(Extracted records)
----

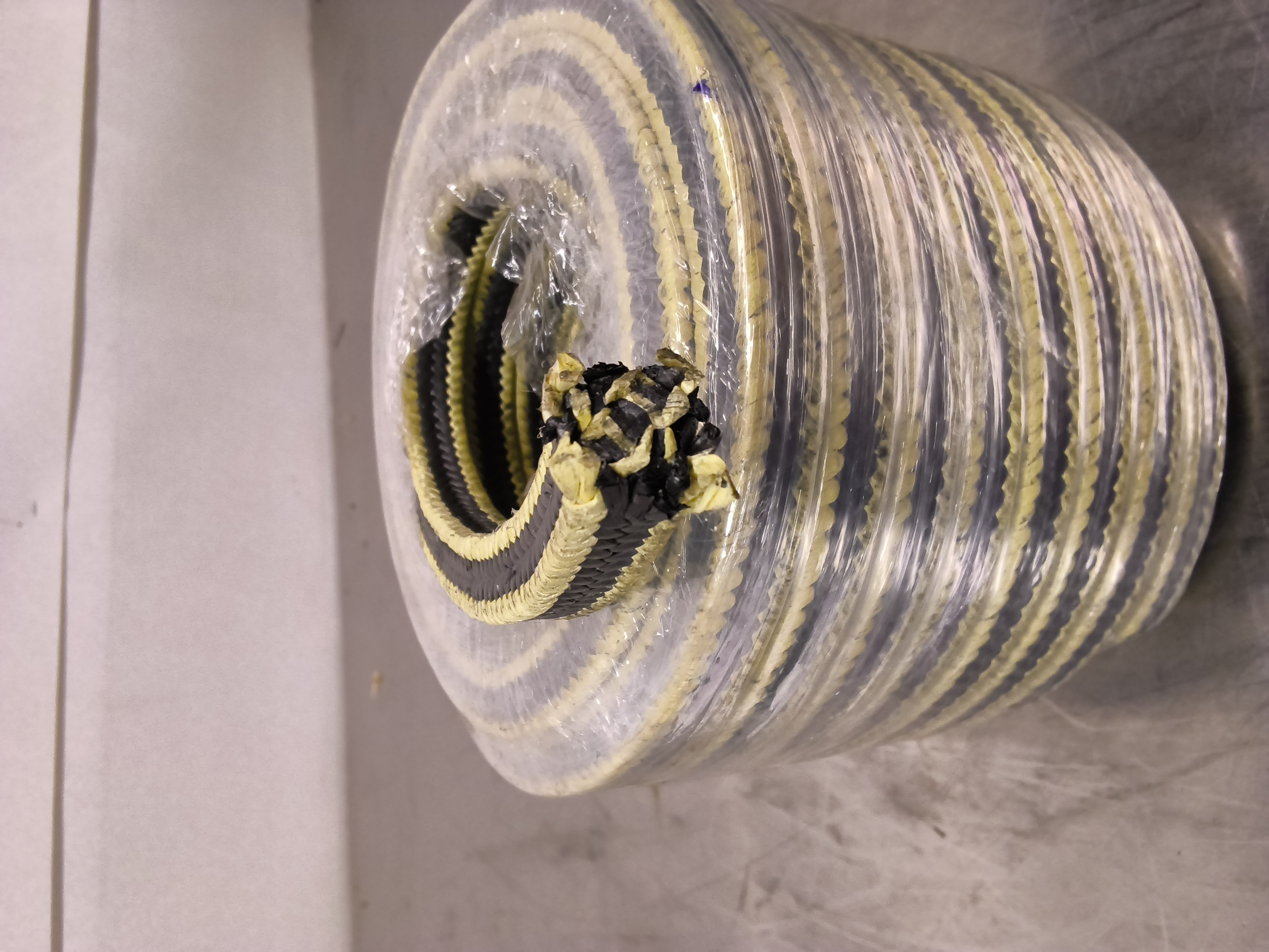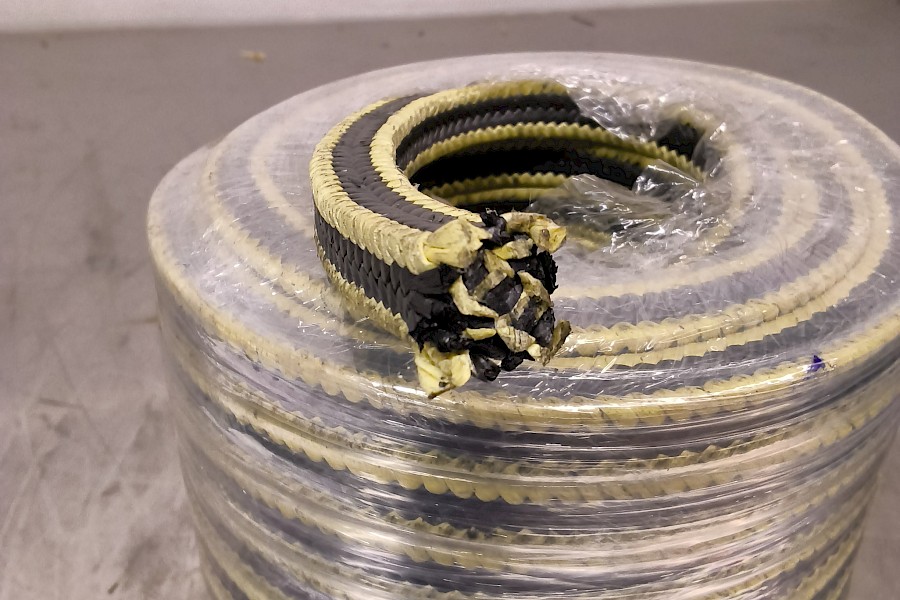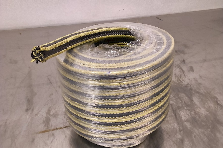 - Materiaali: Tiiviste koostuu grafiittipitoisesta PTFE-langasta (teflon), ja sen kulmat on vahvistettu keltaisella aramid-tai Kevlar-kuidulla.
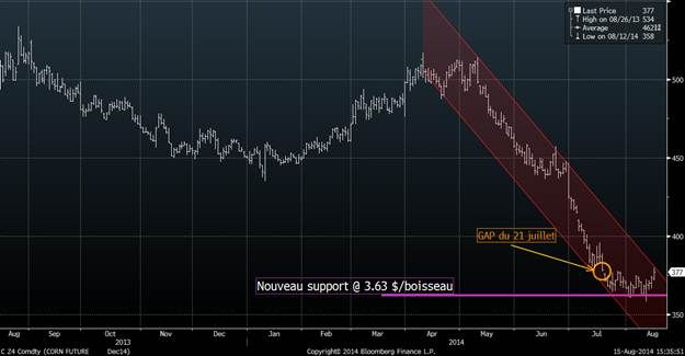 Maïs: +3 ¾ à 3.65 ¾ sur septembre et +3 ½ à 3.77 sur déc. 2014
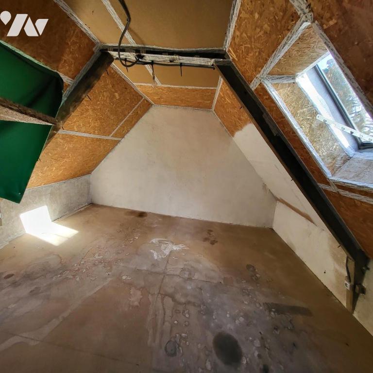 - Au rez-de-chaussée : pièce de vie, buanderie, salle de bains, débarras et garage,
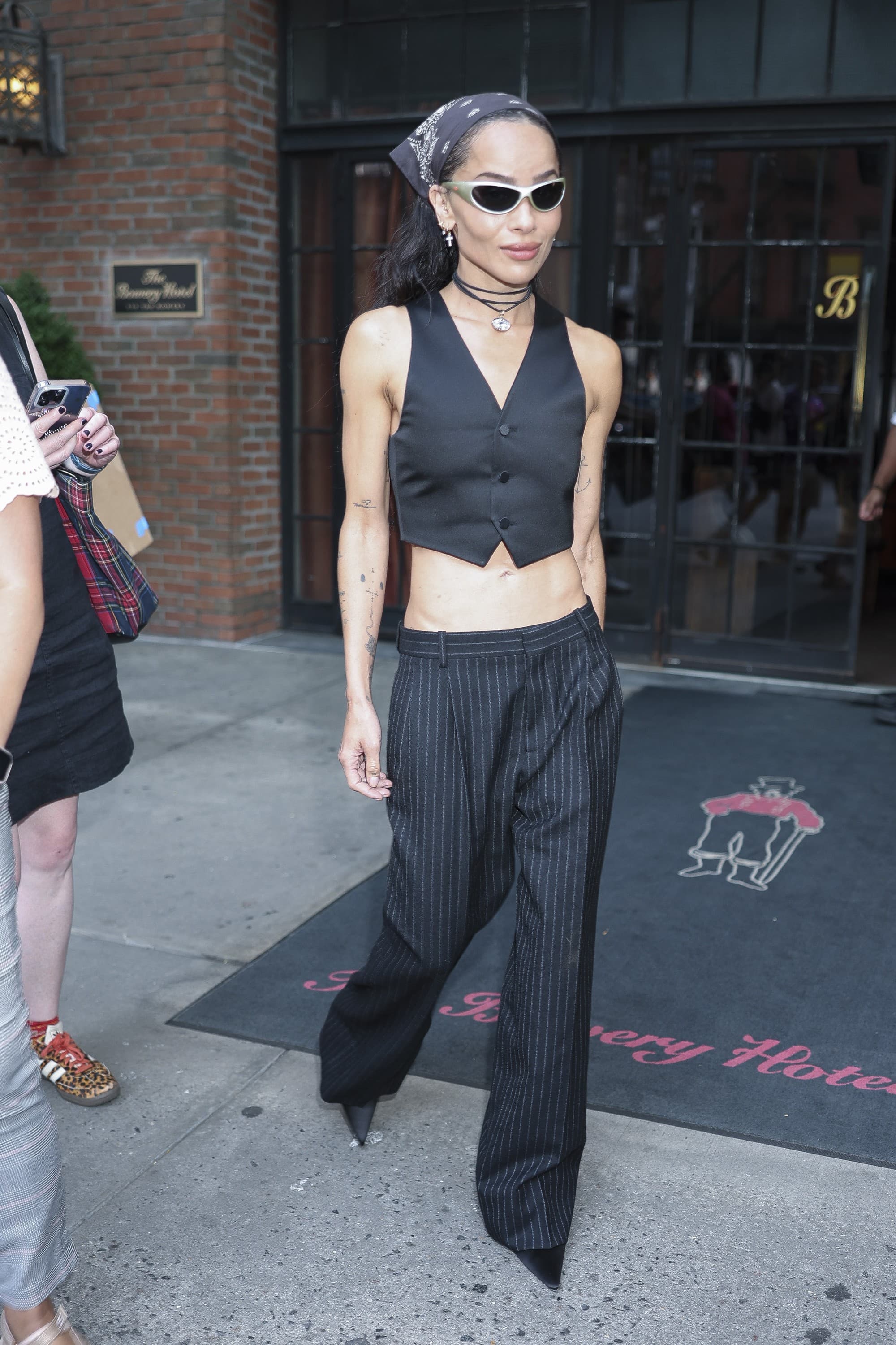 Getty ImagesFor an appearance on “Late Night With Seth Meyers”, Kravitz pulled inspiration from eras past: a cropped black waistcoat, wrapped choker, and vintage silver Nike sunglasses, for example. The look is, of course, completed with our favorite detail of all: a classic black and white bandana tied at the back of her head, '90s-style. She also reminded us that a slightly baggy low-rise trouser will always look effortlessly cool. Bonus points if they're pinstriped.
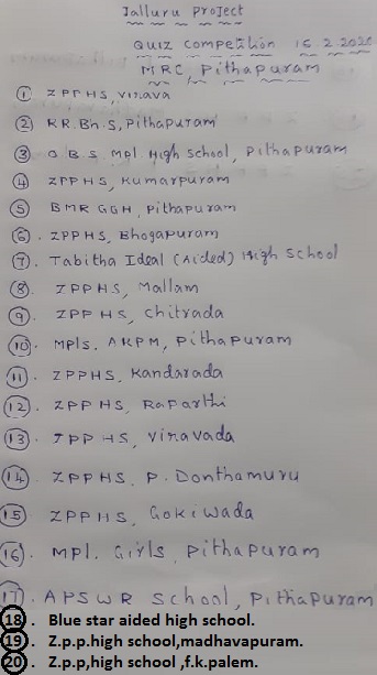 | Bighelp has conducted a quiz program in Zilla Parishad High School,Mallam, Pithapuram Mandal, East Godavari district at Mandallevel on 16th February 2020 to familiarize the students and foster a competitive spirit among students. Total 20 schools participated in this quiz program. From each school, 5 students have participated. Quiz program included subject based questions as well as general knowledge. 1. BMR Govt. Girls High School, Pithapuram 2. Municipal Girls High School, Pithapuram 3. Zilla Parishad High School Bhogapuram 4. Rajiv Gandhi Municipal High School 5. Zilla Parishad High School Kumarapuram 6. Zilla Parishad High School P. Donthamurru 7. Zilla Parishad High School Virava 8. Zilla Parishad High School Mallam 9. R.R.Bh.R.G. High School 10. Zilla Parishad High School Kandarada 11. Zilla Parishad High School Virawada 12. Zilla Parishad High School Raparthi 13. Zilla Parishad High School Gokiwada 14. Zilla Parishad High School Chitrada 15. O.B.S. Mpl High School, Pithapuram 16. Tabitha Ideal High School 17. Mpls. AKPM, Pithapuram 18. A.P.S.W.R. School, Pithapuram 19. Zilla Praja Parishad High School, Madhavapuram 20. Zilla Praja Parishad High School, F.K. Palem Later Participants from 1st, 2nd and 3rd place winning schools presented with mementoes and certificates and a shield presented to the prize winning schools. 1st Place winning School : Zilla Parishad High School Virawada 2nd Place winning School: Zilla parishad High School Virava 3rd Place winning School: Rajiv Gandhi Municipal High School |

----

▶ _Task brief_
Could the entries be output exactly as written, but without their images?

▶ _Answer for this exercise_
 - Materiaali: Tiiviste koostuu grafiittipitoisesta PTFE-langasta (teflon), ja sen kulmat on vahvistettu keltaisella aramid-tai Kevlar-kuidulla.
 Maïs: +3 ¾ à 3.65 ¾ sur septembre et +3 ½ à 3.77 sur déc. 2014
 - Au rez-de-chaussée : pièce de vie, buanderie, salle de bains, débarras et garage,
 Getty ImagesFor an appearance on “Late Night With Seth Meyers”, Kravitz pulled inspiration from eras past: a cropped black waistcoat, wrapped choker, and vintage silver Nike sunglasses, for example. The look is, of course, completed with our favorite detail of all: a classic black and white bandana tied at the back of her head, '90s-style. She also reminded us that a slightly baggy low-rise trouser will always look effortlessly cool. Bonus points if they're pinstriped.
 | Bighelp has conducted a quiz program in Zilla Parishad High School,Mallam, Pithapuram Mandal, East Godavari district at Mandallevel on 16th February 2020 to familiarize the students and foster a competitive spirit among students. Total 20 schools participated in this quiz program. From each school, 5 students have participated. Quiz program included subject based questions as well as general knowledge. 1. BMR Govt. Girls High School, Pithapuram 2. Municipal Girls High School, Pithapuram 3. Zilla Parishad High School Bhogapuram 4. Rajiv Gandhi Municipal High School 5. Zilla Parishad High School Kumarapuram 6. Zilla Parishad High School P. Donthamurru 7. Zilla Parishad High School Virava 8. Zilla Parishad High School Mallam 9. R.R.Bh.R.G. High School 10. Zilla Parishad High School Kandarada 11. Zilla Parishad High School Virawada 12. Zilla Parishad High School Raparthi 13. Zilla Parishad High School Gokiwada 14. Zilla Parishad High School Chitrada 15. O.B.S. Mpl High School, Pithapuram 16. Tabitha Ideal High School 17. Mpls. AKPM, Pithapuram 18. A.P.S.W.R. School, Pithapuram 19. Zilla Praja Parishad High School, Madhavapuram 20. Zilla Praja Parishad High School, F.K. Palem Later Participants from 1st, 2nd and 3rd place winning schools presented with mementoes and certificates and a shield presented to the prize winning schools. 1st Place winning School : Zilla Parishad High School Virawada 2nd Place winning School: Zilla parishad High School Virava 3rd Place winning School: Rajiv Gandhi Municipal High School |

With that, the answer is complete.